I used to work for Bell Northern Research/Nortel and when on a remote job site, I was paid per diem, but had to include daily meal expenses, itemized on a daily basis to submit with the accommodation and travelling expenses. This way, my per diem allowed for meals was not taxable. I took taxis to the down town Bell switching exchange as there was no
parking provided for a rental vehicle. 

Of course,it was based on the honour system..if you decided to go into a bar and drink away that $50,which was not intended for alcohol or entertainment( theatre admission), that came out of your pocket. 

FROM CRA:
http://www.cra-arc.gc.ca/travelcosts/

*Meal expenses*
If you choose the detailed method to calculate meal expenses,* you must keep your receipts and claim the actual amount that you spent.*

If you choose the simplified method, you can claim in Canadian or US funds* a flat rate of $17/meal, to a maximum of $51/day (sales tax included) per person, without receipts.* Although you do not need to keep detailed receipts for actual expenses if you choose to use this method, *we may still ask you to provide some documentation to support your claim.*


----------



## chrishelms

thanks for the reply, carverman!
My employer doesn't really care if you drink you per diem away (fortunately)
I guess my question is more:
Since the per diem ended up on the pay stub as an item, I assume it got taxed as income. Is that legal?


----------



## Mukhang pera

I would expect you to have your 2015 T4 in hand by now. I would expect it to shed some light on what got reported as taxable income.
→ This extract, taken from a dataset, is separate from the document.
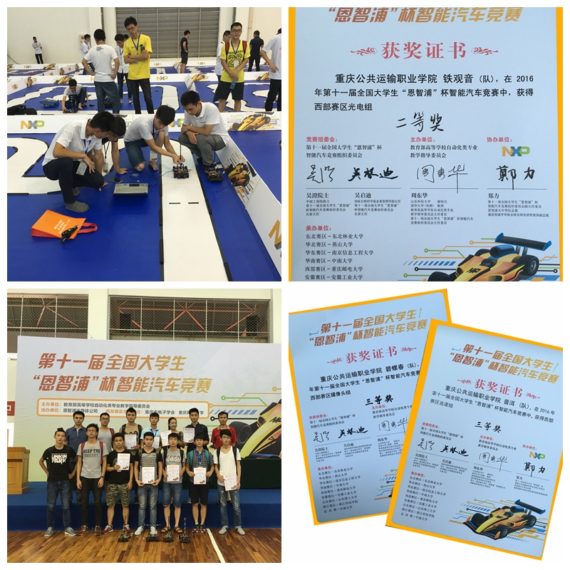 (2)第十一届全国大学生“恩智浦”杯智能汽车竞赛西部赛区光电组二等奖1项,摄像头组三等奖、双车追逐组三等奖各1项;

Anyway, it appears from the info provided by carverman, you can claim $51/day for meals, which exceeds your per diem. So, if it appears that it WAS taxed, claim the deduction when you file 2015 taxes and get a refund. 

If the CRA grabbed some tax off your per diem allowance, I would not get too exercised trying to answer "Is that legal?" Telling the CRA that it has acted unlawfully is not likely to do you a lot of good. If the employer has improperly reported it and withheld tax, maybe you could take it up with whoever does the payroll. But it seems, in any case, you ultimately will not pay tax on it.


----------



## OhGreatGuru

If your per diem is being included in your pay cheque, then of course it will show up on your pay stubs. Whether or not it is being treated as a taxable allowance will show up on your T4 - but if you want clarification ask your Pay & Benefits office.


----------



## chrishelms

Thanks so much for your replies. I have my T4 in front of me but can't find out if it is treated as taxable allowance. Only three lines have numbers different to my income: CPP contributions, deducted income tax and EI premiums.
So I guess my per diems just have disappeared into my Income tax... Sucks being taxed on my per diem but I guess thats the way it is..


----------



## Davis

I got paid salary by my employer and used it to buy my lunch and dinner. And I got taxed on the salary, so I guess we're even.


----------



## twa2w

You should get a form t2200 from your employer. It is called a declaration of conditions of employment.
It should layout evetything you need.


----------



## OhGreatGuru

chrishelms said:


> Thanks so much for your replies. I have my T4 in front of me but can't find out if it is treated as taxable allowance. Only three lines have numbers different to my income: CPP contributions, deducted income tax and EI premiums.
> So I guess my per diems just have disappeared into my Income tax... Sucks being taxed on my per diem but I guess thats the way it is..


Based on what you have said, I don't think you can come to that conclusion. If your per diems are non-taxable they would not even show on your T4. You would have to compare the total taxable income on your T4 with the totals of all your pay slips to see if they included the per diems or not. Which is why I think it would be easier to just ask your Pay & Benefits for an explanation.


----------